The Battle for Higher Education: Courageous Voices in a Time of Crises, A Webinar Series

  • The Crisis on Campus and the Future of Organizing with Dr. Premilla Nadasen

    4/6/25 5pm CT

    How do we move forward in a moment of heightened repression, as we sit on the cusp of authoritarianism, and when speaking, protesting, writing have become potentially dangerous acts? How does this upsurge of organizing fit into a broader trajectory of student organizing? What models from the Black radical tradition can we draw on to chart a new path?

  • Becoming Unloved and Dangerous: Black University Life in the Age of Palestine Protest with Dr. Tiffany Willoughby-Herard

    4/23/25 5pm CT

    How does U.S. higher education make sense of Black faculty activism, advocacy and education about Palestine? In what ways is this continuous with and distinctive from the forms of generalized dishonor that Black faculty regularly face in higher education? How do the politics of the Palestine Exception seek to render Black faculty as “faces of (whatever neoliberal schemes) universities” find themselves entrenched in? How are Black faculty members navigating being truth tellers in an era of organized attacks on higher education? In this webinar, Dr. Tiffany Willoughby-Herard compares the use of their image in the public sphere before and after being arrested on campus on May 15, 2024. Dr.

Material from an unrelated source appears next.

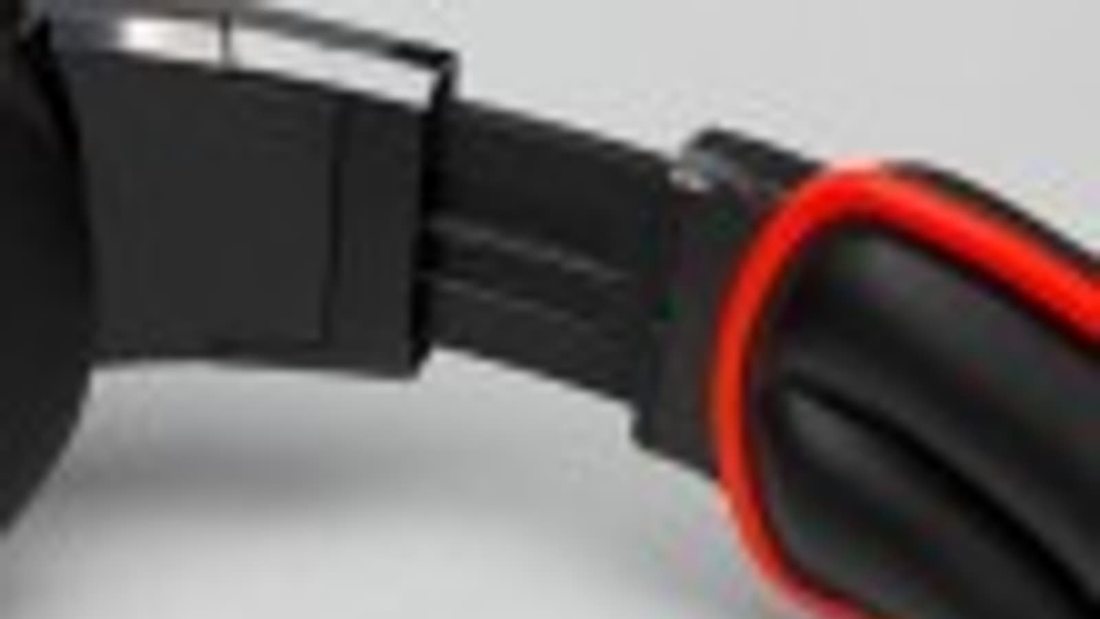 Оголовье здесь широкое и выполнено из крепкой упругой пластмассы. Верхняя его часть матовая, внизу установлены смягчающие вставки. По их контуру есть ободок красного цвета.

Willoughby-Herard offers their observations of nearly two decades of enforcement of the so-called “Palestine Exception” on their own campus, examining how several cases of suspension, firing, physical violence, and vigilante terror against Black faculty vocal about Israeli state’s role in genocide, apartheid, and human rights abuses shed light on critical questions about the role of Black scholar-activists in the University.

  • Activism and Academic Freedom in a Time of Genocide with Dr. Maura Finkelstein

    5/6/25 at 5pm CT

    On college and university campuses across the US, talk of “academic freedom” and “student safety” has become all-consuming. But what is academic freedom? And whose safety are we really concerned with? As hundreds of thousands of Palestinians in Gaza have been killed by Israel’s genocidal attacks, faculty, students, and staff across American colleges and universities are being charged with creating an “unsafe atmosphere” by speaking up for Palestinian liberation. What does it mean to create an “unsafe atmosphere” in the context of talking about genocide? How has safety been weaponized to silent dissent? What are our rights and what are our responsibilities? And what can we do now?